I guess also the whole SciPy And Matplotlib libraries are big added values in the Python ecosystem.
And once we have 1ML (1ML - core and modules united) extended with recursive modules and all the modern stuff please don’t forget one important point :
● please, please, make the 1ML pure core as the new gallina/coq functional code
Ocaml is disappearing from teaching in France (to the benefit of untyped…
As said by @octachron, they’re both used in “prépa” buuuut… there’s a new “MP2I prépa” much more focused on CS with no Python but only OCaml, C and a little bit of SQL.
And IIRC, some schools (like ENS Rennes) already said they’ll only accept CS students from the “MP2I competition”.
It’s not disappearing. Strictly more students than before will learn OCaml.
My point of view is that it is not easy to make it works in Windows : there is one environment discontinued since Aug 2021, and I wasn’t able to make lablgtk works with diskuv.

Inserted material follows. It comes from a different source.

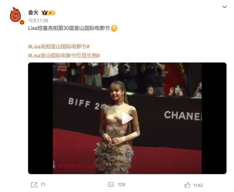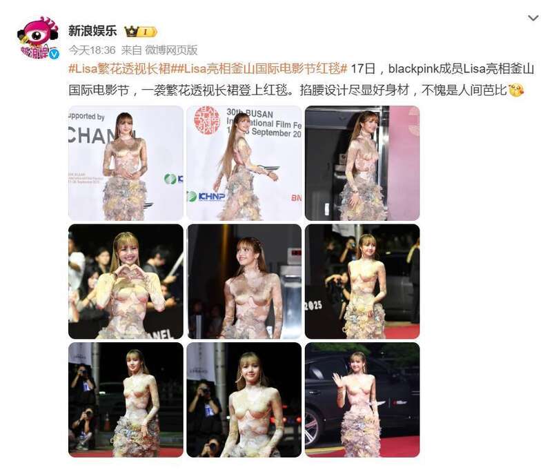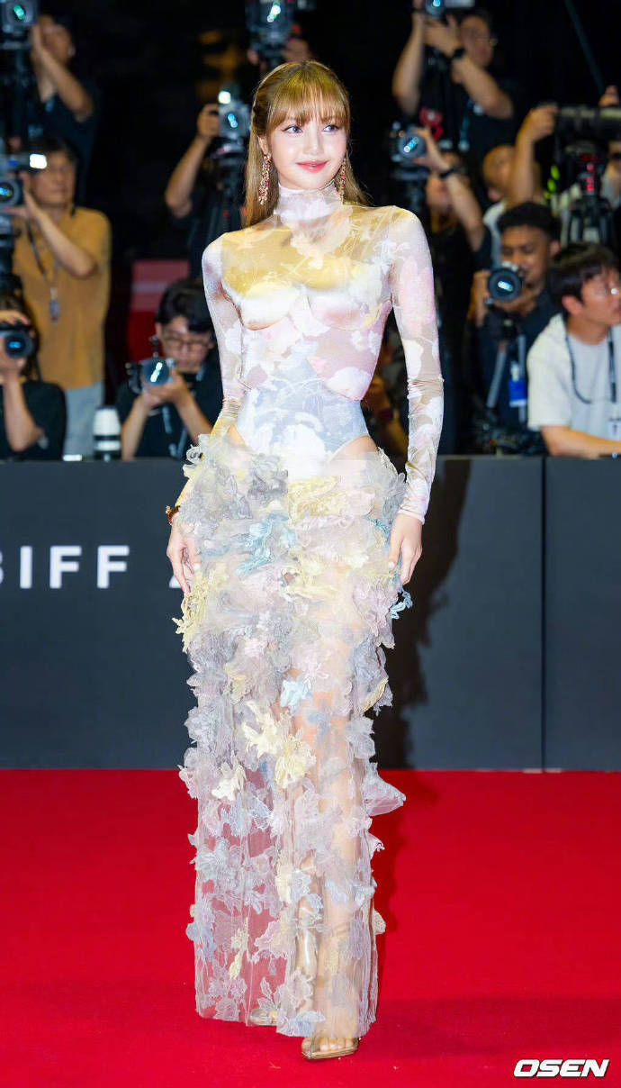 Lisa亮相釜山国际电影节 繁花镂空透视长裙吸睛(组图)
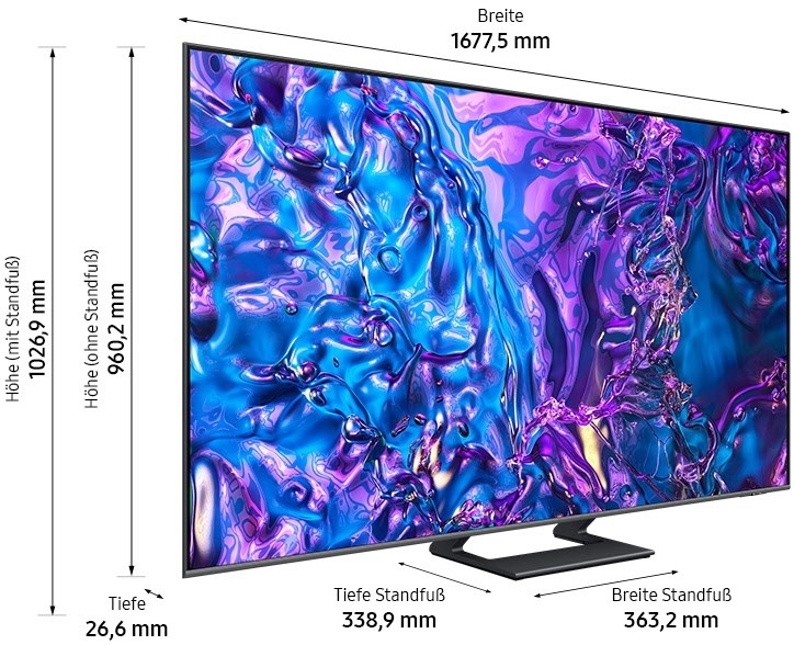 * Die Bandbreite der Quantum-HDR-Helligkeit basiert auf internen Teststandards. In Abhängigkeit von Betrachtungsbedingungen und Spezifikationen sind Änderungen vorbehalten. Das Seherlebnis kann je nach Inhalt und Format variieren.

This problem has the easiest solution in the thread: file an issue. Especially file before the school year starts if a missing Windows package is blocking a class from adopting OCaml. File here or here for Diskuv.
So … to everybody who is teaching OCaml or has some influence on teaching: Please file your issue now! Can at least check whether there is a reasonable chance of getting a version cut that works for your students before your students stumble, or worse, prematurely abandon OCaml for the entire class.
This is somewhat true for the entire thread. Giant, non backwards-compatible changes are not going to be made. It’s just not going to happen to a stable language. But small changes, like adding syntax for accessing members of a tuple without needing to destruct it? That could be suggested in an Issue on the OCaml github.
A funny thing: a friend called me this weekend to kvetch a little about how the new modularity stuff in Java 9 is barely used, even 5yr after it was released. And we got to talking about languages that took a bad course and later recovered from it. We could only come up with one example: C++. In the 90s, C++ was crazily complicated, to the point where nobody could really build significant systems in it. When Java came along, people ran from C++ to Java for this reason (among others, but on Wall Street, this was the big reason). Then with STL and Boost, C++ got back into a sane course, and today it’s actually progressing and become more and more usable. Of course, it’s a little late for that: other languages have taken up the slack. But today’s C++ is unrecognizably different from the C++ of the 90s, even though they’re the same language, b/c of the difference in the libraries.
But that’s the exception. Once a language’s course is set in stone, it’s really, really hard to change it. And for OCaml, that’s an excellent thing, in my opinion. I have code from 30+ year ago, that continues to work unchanged.